Soviet Exit from Afghanistan: 7 Shocking Cold War Facts From May 15, 1988
On May 15, 1988, Soviet tanks rolled across the Friendship Bridge at Termez and crossed back into the USSR. After nine years of brutal war in Afghanistan — a conflict the world had nicknamed Russia’s Vietnam — Mikhail Gorbachev finally pulled the plug. The first phase of the Soviet exit from Afghanistan had begun, and the world was watching.
It was a Cold War moment frozen in time, one of those Polaroid-clear flashpoints between the era of Reagan saber-rattling and the era of glasnost. Here are 7 wild facts about the day the Soviets started walking away from the war that helped end their empire — and the messy, fascinating Cold War context that surrounded the long retreat.

1. It Took a Peace Deal Three Countries Couldn’t Enforce
The withdrawal was triggered by the Geneva Accords, signed April 14, 1988 — barely a month before the first columns rolled out. The U.S., USSR, Pakistan, and the Soviet-backed Afghan government all signed. The Mujahideen, the actual fighters across most of the country, were never invited to the table and refused to accept any of the terms. The result was almost predictable: the foreign troops left on schedule, but the war on the ground kept going long after the last Soviet soldier crossed the bridge.
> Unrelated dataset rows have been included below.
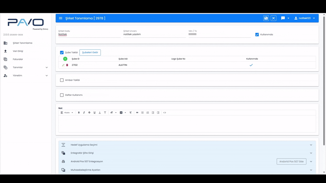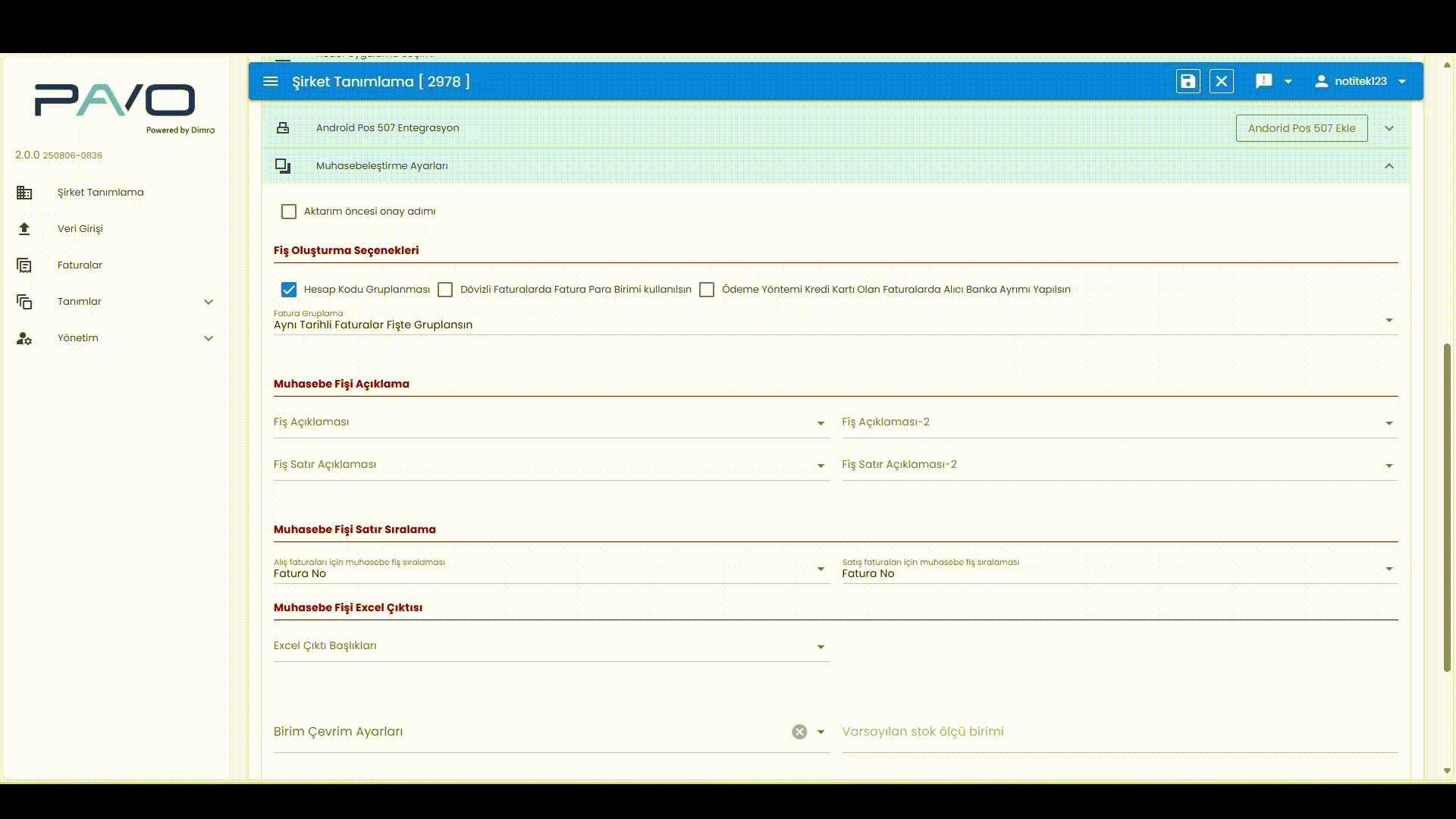 Pavo-Dimro Şİrket Muhasebeleştİrme Ayarları
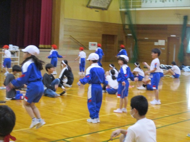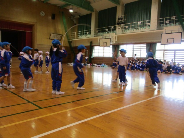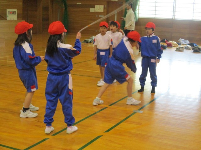 今日は、なわとび大会がありました。これまで練習してきた成果があらわれて、短縄跳びでは、前跳びや後ろ跳びで20回クリアできた人が多かったです。長縄跳びでは、8の字連続跳びに挑戦し、新記録が出たチームもありました。他の学年のときには、跳ぶ速さに驚きながら、大きな声で声援を送りました。
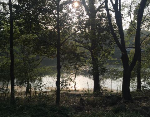 通过孝陵卫站处的绿道入口向里面走路过地震台继续向里面深入能到达流徽榭,有诗意的名字,有诗意的地方,亭台里小憩,看看山看看水看看树木惬意十足。
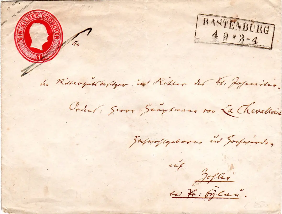 Preussen, Ostpreussen-R2 RASTENBURG klar auf 1 SGr. Ganzsachenumschlag
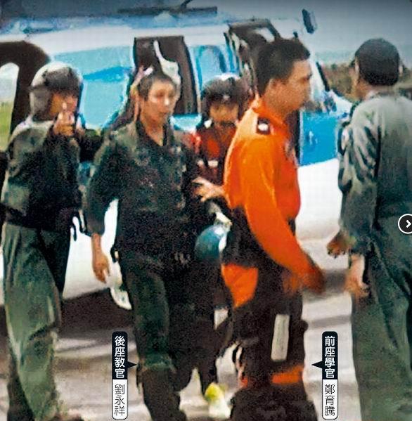 聯(lián)隊(duì)上校中隊(duì)長(zhǎng)呂永隆說(shuō),鄭育騰的右眼后側(cè)有擦傷,手肘瘀傷,劉永祥左手肘及左小腿有瘀血和擦傷。他說(shuō),鄭育騰半年前調(diào)來(lái)聯(lián)隊(duì),總飛行時(shí)數(shù)為292小時(shí),幻影2000戰(zhàn)機(jī)飛行時(shí)數(shù)僅6小時(shí),之前飛過(guò)AT-3、T-34、F-5E戰(zhàn)機(jī);昨由擁有1745飛行時(shí)數(shù)的資深飛官劉永祥擔(dān)任教官,不料起飛不到半小時(shí),飛機(jī)就故障。

The Accords were a paper face-saving exercise more than a real settlement. They locked in non-interference clauses that the U.S. and Pakistan continued to ignore, kept supplying the Mujahideen, and committed Moscow to a fixed timetable that gave Gorbachev political cover at home. Diplomats called it a triumph of negotiation. Afghans called it the start of another phase of the same war.